Chow Bacon Salt: Uncut
posted by September 12 at 13:20 PM
onThis morning I interviewed two local entrepreneurs, Dave Lefkow and Justin Esch, the creators of Bacon Salt. The interview will debut as a Chow Bio in the coming weeks, but due to space limitations, I had to pare a lot down. However, I feel that their struggle to conquer the American Dream—earning fat profits from bacon-flavored salt—should not be abridged.
Bacon Salt is, as Lefkow and Esch put it, the new salt. It comes in three flavors: Original, Hickory, and Peppered.
Worth noting:
It is Kosher.
It is Vegetarian.
Hickory flavor is Vegan.
The partial inspiration for Bacon Salt is a drink called the Mitch Morgan, found at the Fat Alley BBQ in Eschh’s hometown of Telluride, CO. A Mitch Morgan is a shot of bourbon with a slice of bacon in the glass, as a garnish. When they hired a flavor-tech to design Bacon Salt, this was their taste proposal: “It should taste like the smell of bacon fried on a Sunday morning.”

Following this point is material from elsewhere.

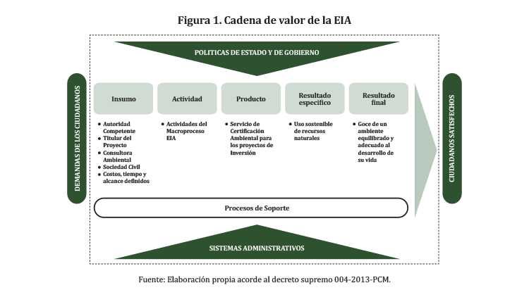 En el Perú existen normas que respaldan la implementación de la gestión por procesos orientadas a resultados, con el fin de satisfacer las necesidades de las partes interesadas, como la Política Nacional de Modernización de la Gestión Pública, aprobada por decreto supremo 004-2013-PCM. De acuerdo con ello, la efectividad de la EIA debe entenderse sobre la base de una cadena de valor para la gestión por resultados (Figura 1), con los siguientes elementos:
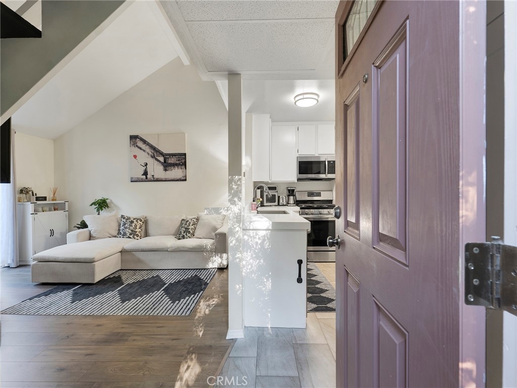 Welcome to Canoga Lakes! This charming Condo offers a tranquil, resort-like living experience with serene lake views, lush landscaping, and towering trees. Nestled within a peaceful community, enjoy the calming sights and sounds of waterfalls, streams, and wildlife, including ducks, turtles, and koi fish. The expansive grounds feature two sparkling pools, a spa, tennis courts, a recreation room, and a fitness center, offering a variety of amenities to enhance your lifestyle. This spacious 1-bedroom, 1-bath condo, features vaulted ceilings with an extra large loft. The living room opens to an extended patio overlooking the pool, providing the perfect space to relax and enjoy the serene surroundings. The unit is updated with newer flooring, updated kitchen, stainless steel appliances, including a stove, dishwasher, wine fridge, Updated Bathroom, Other notable features: a large attic for extra storage, and an in-unit washer/dryer. Located within walking distance of shopping, dining, and the Warner Center business district, this condo offers the perfect balance of peaceful living and convenience. Come experience the relaxing atmosphere of Canoga Lakes, a place you'll love to call home!

When Lefkow and Esch started Bacon Salt eight months ago, they borrowed $5,000 from Lefkow’s son, Dean, as startup money.
Dean is three-years-old.
He’d won $5,000 dollars on America’s Funniest Home Videos, which apparently still exists.
Esch and Lefkow keep all production of Bacon Salt local: The flavors are blended in Idaho, and then packaged and labeled in Tacoma. Labels are printed on Capitol Hill, and the boxes and bottles are produced in Tacoma.
Sometimes they pay people, like lawyers, in salt. They claim that the Romans once did this, so it’s cool.
Bacon Salt enthusiasts—who span 19 countries and all 50 states—have tried the product on nearly everything: potatoes (fried, mashed, whathaveyou), corn on the cobb, popcorn, watermelon, pineapple, steak, eggs (fried, scrambled), green beans, assorted vegetables, chocolate, bloody marys, pasta, guacamole, and peaches. The only thing Esch and Lefkow haven’t liked it on was ice cream.
I tried Bacon Salt for the first time this morning. It made my fingers taste fucking delicious. Then a plate of Bacon Salted eggs made sweet love to my tongue before tap dancing its way to my stomach.
You can order Bacon Salt online here, or at City Fish in the Pike Street Marketplace.
Comments
Thank you for bringing this matter to my attention.
Hickory Bacon Salt, here I come!!!
Cienna, tell me you asked them how the hell they make it (no calories, vegetarian, etc.) taste like bacon?!?
Another Kosher food appearing to delight our taste buds is always cause for celebration. The basic laws of kashrut fouond in the Torah's Book of Leviticus demand vegan dining to be in God's light.
I can't wait to try kosher bacon salt. The pork eating goyium with their bacon burgers disgust me. Now I can eat bacon flavored foods and remain above goyium.
"Pike Street Marketplace." Ms. Madrid, you funny!
Tacoma, Idaho? That doesn't sound local to me! Oh, the labels are printed on Capitol Hill? That's more like it.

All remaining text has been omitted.